Fin qui tutto bene, perché queste sono le caratteristiche che si sono volute dare al gioco e non possiamo additarle come difetti. Il fatto è che un gioco così, con queste caratteristiche, dovrebbe essere veloce e dinamico, durare il giusto e dare sempre un qualcosa da fare ai partecipanti. Deve dare la possibilità a chi è seduto al tavolo di giocarsela la partita, non frustrarlo con interi turni passati a pescare una singola carta.

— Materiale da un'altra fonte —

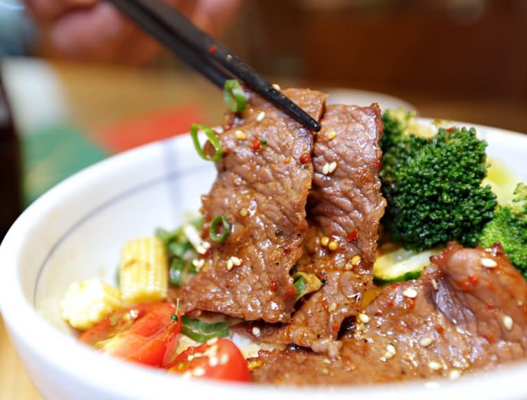 甜豆莢、綠花椰、黃玉米筍、小黃瓜等蔬菜不僅讓餐點看起來更可口,同時也兼顧到營養均衡。再淋上特調醬汁讓一向不太吃米飯的雪倫,幾乎把飯吃光光。建議大家可以用牛肉把米飯、泡菜捲起來一起吃,更能感受泡菜讓牛肉脂香轉化為縈繞齒間的美妙滋味^^

Invece ho visto partite che si trascinavano oltre i tre quarti d'ora, specie in quattro quando un compagno può salvare l'altro da un colpo. Si trascinavano tra carte inutili e loop imbarazzanti di “pesco una carta, me la fai scartare, ne pesco un'altra, la faccio io scartare a te, ecc”... tutto così finché uno non ha la fortuna di pescare qualcosa di un po' più buono con cui assestare una bella ferita all'altro. Anche qui, a seconda di come vanno le cose, il ferito può languire per parecchi minuti, menomato e impossibilitato a fare praticamente qualsiasi cosa, prima di ricevere il colpo di grazia dall'altro, che magari pesca tutta fuffa. La sfortuna diventa paradossalmente pescare una ferita leggera che ti faccia agonizzare altri minuti di partita senza poter giocare efficacemente, piuttosto che una morte rapida e indolore.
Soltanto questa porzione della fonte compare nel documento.